◆ **Task details**
What is wanted is every line below from the one with "Retrouver adresse de" up to and including the one with "Graded GEM MINT", retyped exactly, pictures excluded, nothing else.

◆ **Records to process**

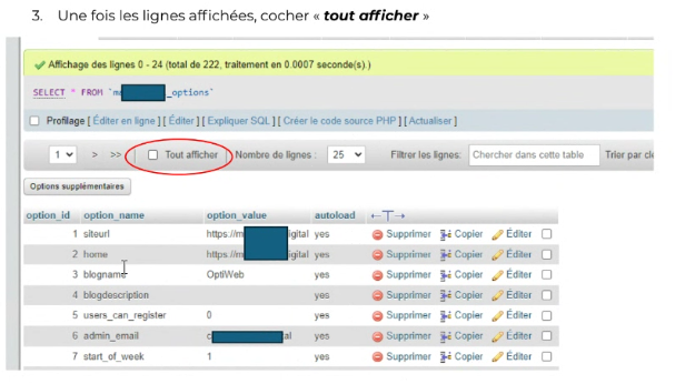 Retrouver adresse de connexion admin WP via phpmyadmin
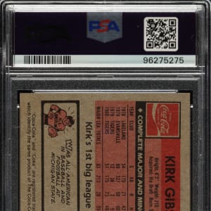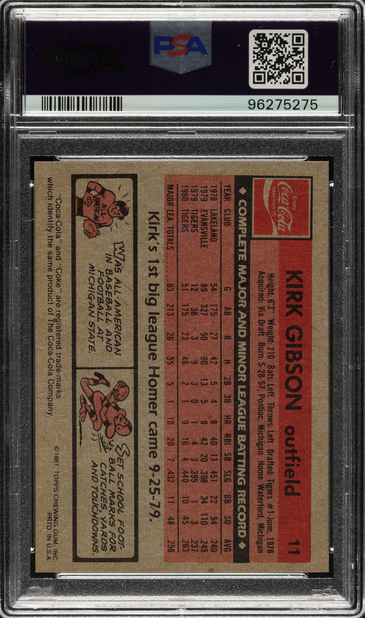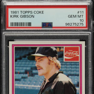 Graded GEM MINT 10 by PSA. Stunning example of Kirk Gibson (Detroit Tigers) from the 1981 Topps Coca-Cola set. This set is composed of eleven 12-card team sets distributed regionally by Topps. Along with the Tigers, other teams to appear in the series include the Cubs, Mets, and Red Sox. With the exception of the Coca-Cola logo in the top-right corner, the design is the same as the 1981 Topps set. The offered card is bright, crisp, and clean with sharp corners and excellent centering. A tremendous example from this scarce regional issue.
==
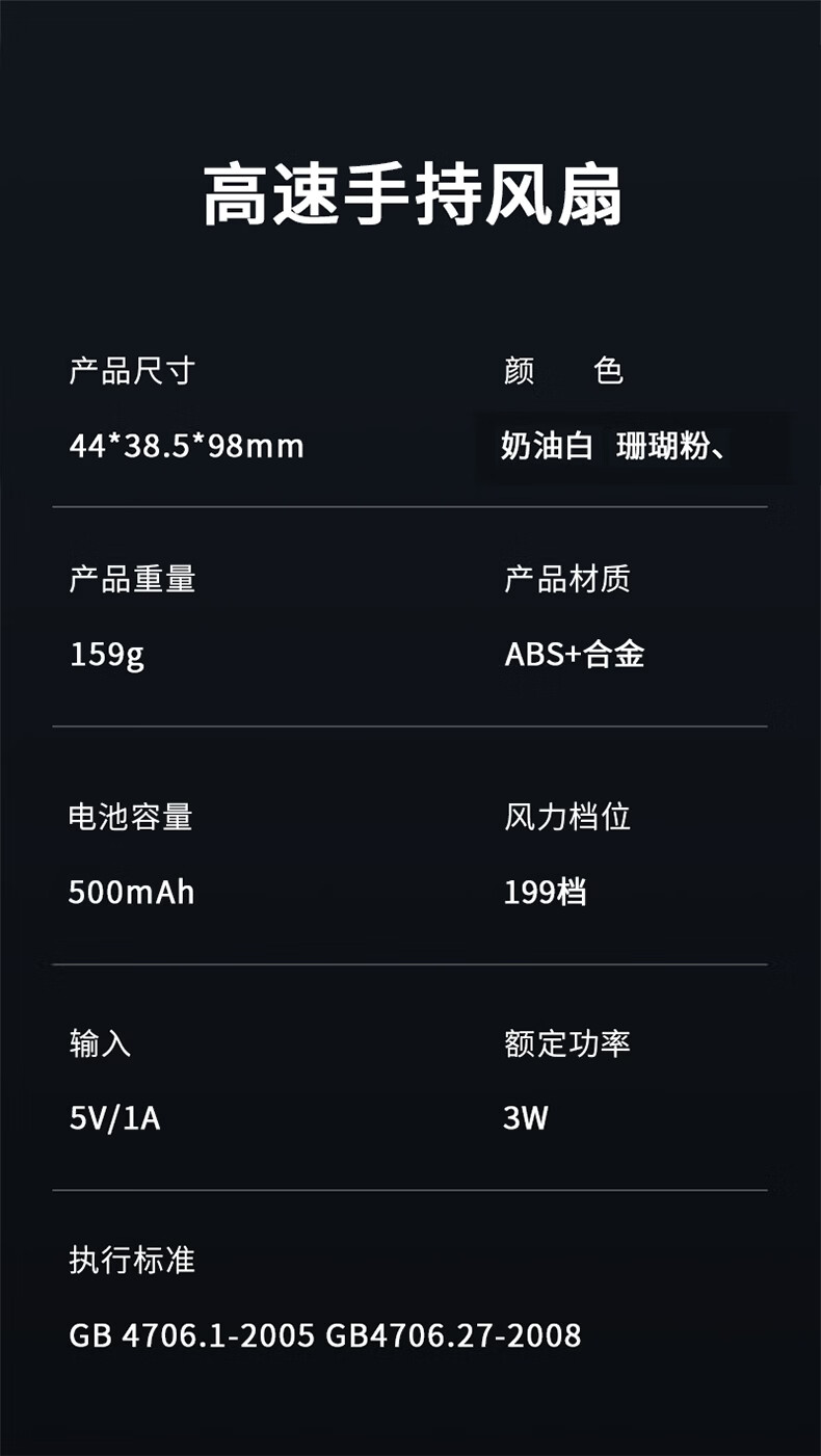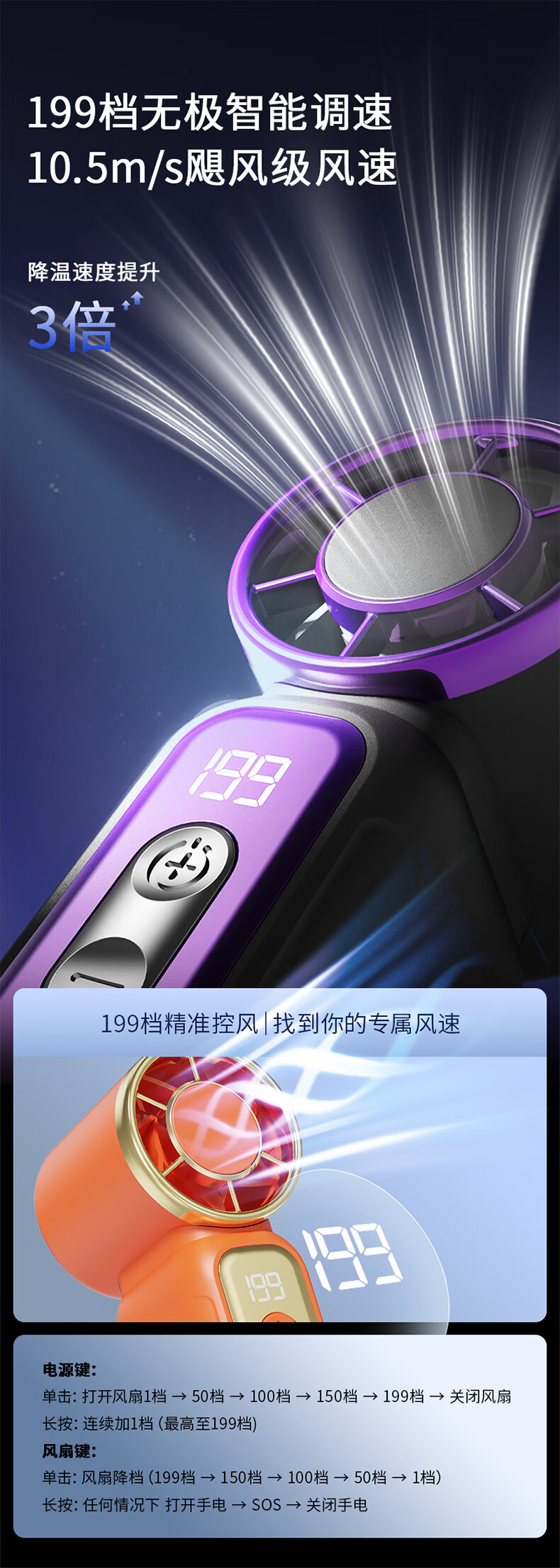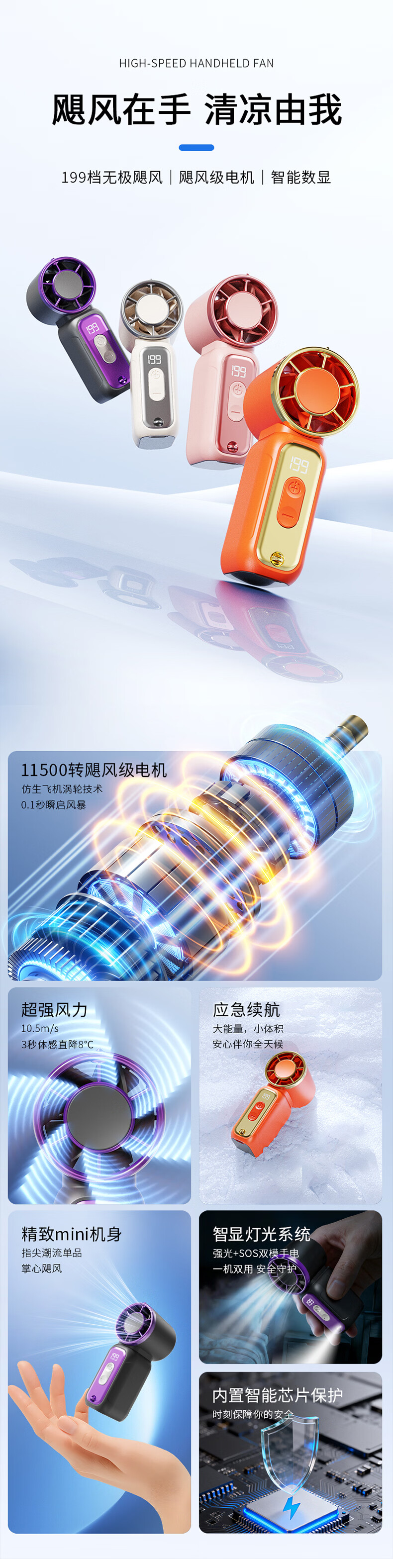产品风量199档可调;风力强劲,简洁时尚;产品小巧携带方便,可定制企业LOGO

◆ **Output of the task**
 Retrouver adresse de connexion admin WP via phpmyadmin
 Graded GEM MINT 10 by PSA. Stunning example of Kirk Gibson (Detroit Tigers) from the 1981 Topps Coca-Cola set. This set is composed of eleven 12-card team sets distributed regionally by Topps. Along with the Tigers, other teams to appear in the series include the Cubs, Mets, and Red Sox. With the exception of the Coca-Cola logo in the top-right corner, the design is the same as the 1981 Topps set. The offered card is bright, crisp, and clean with sharp corners and excellent centering. A tremendous example from this scarce regional issue.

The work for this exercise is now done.